FIGS. 6A-6D show development of in silico C. difficile invasion assay. (FIG. 6A) Histograms displaying the fraction of reads mapped at the genus level for the David et al. 16S amplicon data using an NCBI reference and genus level metabolic models using the AGORA database referred to as “Source Data” and “With models” respectively. (FIG. 6B) Median growth fraction across samples (e.g., fraction of taxa with estimated growth rate>10-6) as a function of model tradeoff value. Dashed line indicated the tradeoff value chosen for subsequent analyses. (FIG. 6C) Relationship between C. difficile invasion abundance and growth rate for one of the two David et al. time series. (FIG. 6D) Association coefficients for estimated C. difficile log growth rate, blood metabolite concentrations, and clinical labs for the Arivale cohort.
FIG. 7 shows probiotic strains and associated genera have niche distances close to C. difficile relative to unrelated genera. Niche distances of strains and genera, represented as the Euclidean distance between flux vectors, relative to C. difficile across CDI-FMT cohort samples for which the C. difficile growth rate>10-6. Genera and strains are ordered by the median niche distance. Probiotic strains and associated genera are colored, consistent with the legend in FIG. 5D. C. bolteae and C. innocuum are both members of the genus Clostridium.
As summarized above, provided are computer-implemented methods, systems, computer-program products and other products for determining bacterial engraftment in the gut of a given subject as well as interventions.

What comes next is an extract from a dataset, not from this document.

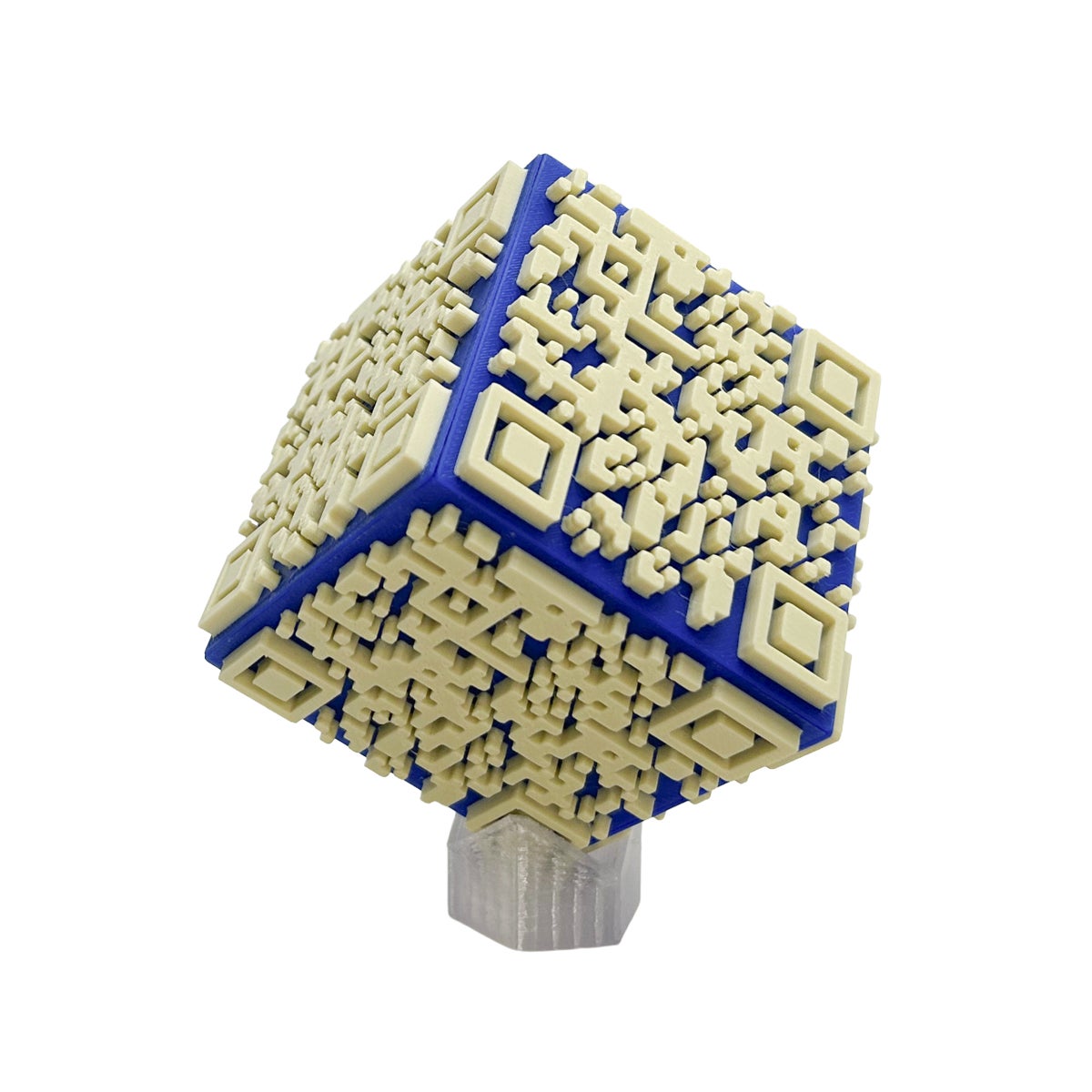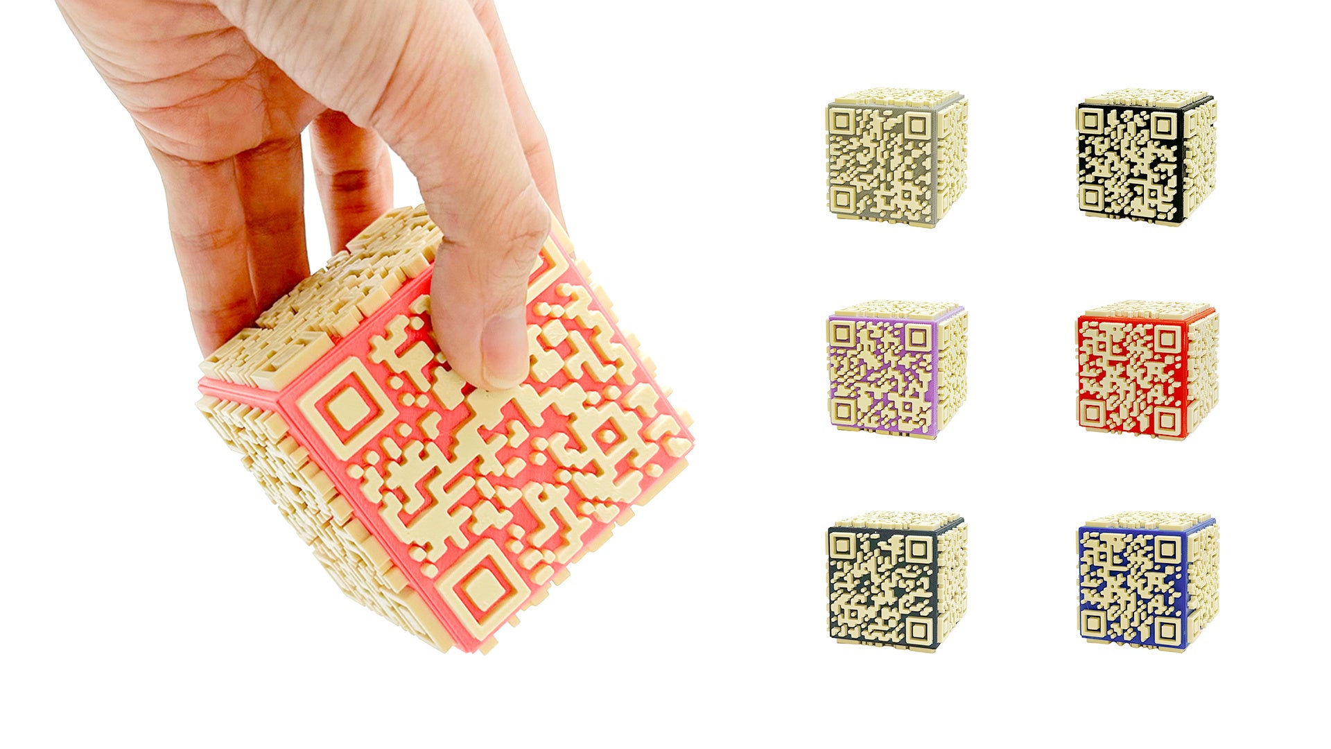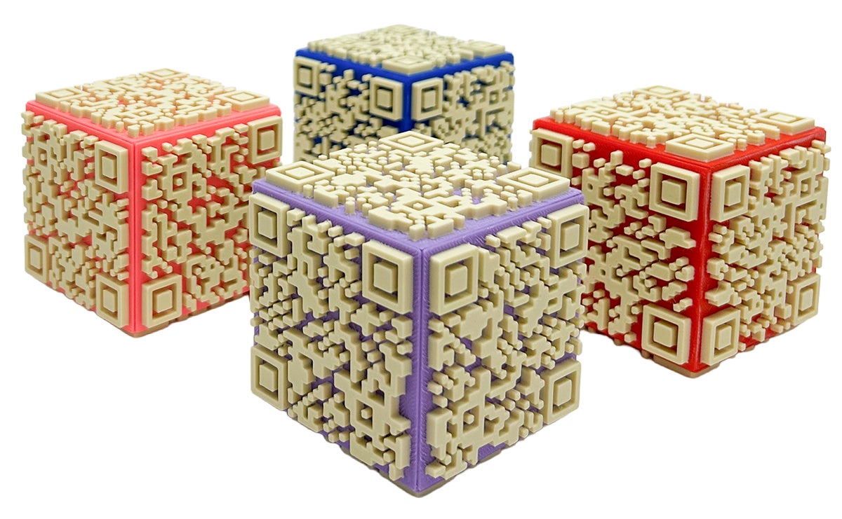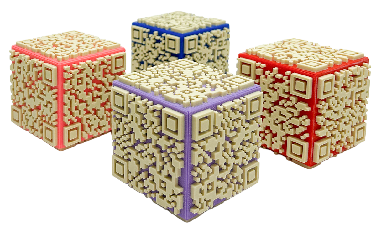 情報への入口として日常的に目にしているQRコードを、平面ではなく空間の中で成立させることはできないか。そうした試行錯誤の末に生まれたのが、六面すべてにQRコードを配置した立体型のオブジェです。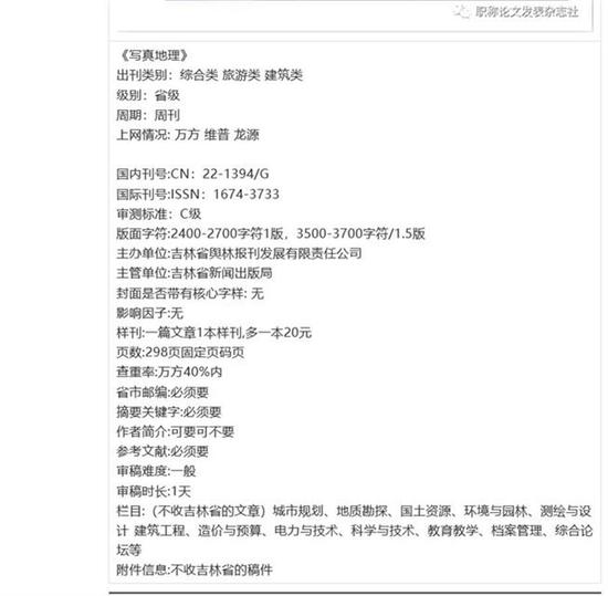 极目新闻记者调查发现,《写真地理》杂志年产论文1.5万余篇,版面费低至650元,绝大部分论文都只有一页。

The disclosure is exemplified by leveraging community-scale metabolic modeling to facilitate personalized Clostridioides difficile engraftment predictions and precision probiotic efficacy assessment in the human gut. For example, amplicon data (e.g., e 16S amplicon data) can be leveraged with C. difficile colonization dynamics and/or ametabolic modeling framework (e.g., configured to infer metabolic interactions in gut microbiota), such as MICOM (ref 24), to build and test a model specifically designed to estimate bacteria engraftment potential (e.g., C. difficile engraftment potential) within a given microbiome and dietary context. The model may be configured to use flux balance analysis to predict dynamics pertaining to an engraftment process and/or a variable predicting an occurrence or extent of engraftment at a particular time point.
In various embodiments of the invention, novel insights into how C. difficile can occupy three discrete metabolic niches across individuals (e.g., as well as what metabolic interactions within gut communities promote or prevent colonization) are used to generate novel computer-implemented methods, systems, uses, means, computer-readable media, etc. In some embodiments, it may predicted and/or determined that a given individual is infected with C. difficile, which may trigger (or conditionally trigger) an absolute or probabilistic classification of the individual as being a responder or non-responders to probiotic cocktails for the treatment of rCDI (ref 9).
Computer-implemented methods, systems, computer program products and other products of the disclosure provide a novel approach towards predicting C. difficile engraftment risk as well as treatments that are predicted to be effective in treating individual subjects. This includes application in the design of precision dietary or probiotic interventions aimed at decolonizing individuals who are already carrying C. difficile and preventing engraftment in those who are not current carriers. Embodiments of the subject invention may further include or relate to discovering other pathobionts beyond C. difficile, probiotic bacterial strains, or for entire microbial consortia (e.g., FMTs from different donors), and the same or different embodiments may use such pathobionts, strains, or consortia to facilitate treatment, health improvement/stabilization, etc. As one example, one or more particular diet modifications and/or one or more supplements may be identified and availed based on a discovered pathobionts, strains, or consortia.
Before the present invention is described in greater detail, it is to be understood that this invention is not limited to particular embodiments described, as such may, of course, vary. It is also to be understood that the terminology used herein is for the purpose of describing particular embodiments only, and is not intended to be limiting, since the scope of the present invention will be limited only by the appended claims.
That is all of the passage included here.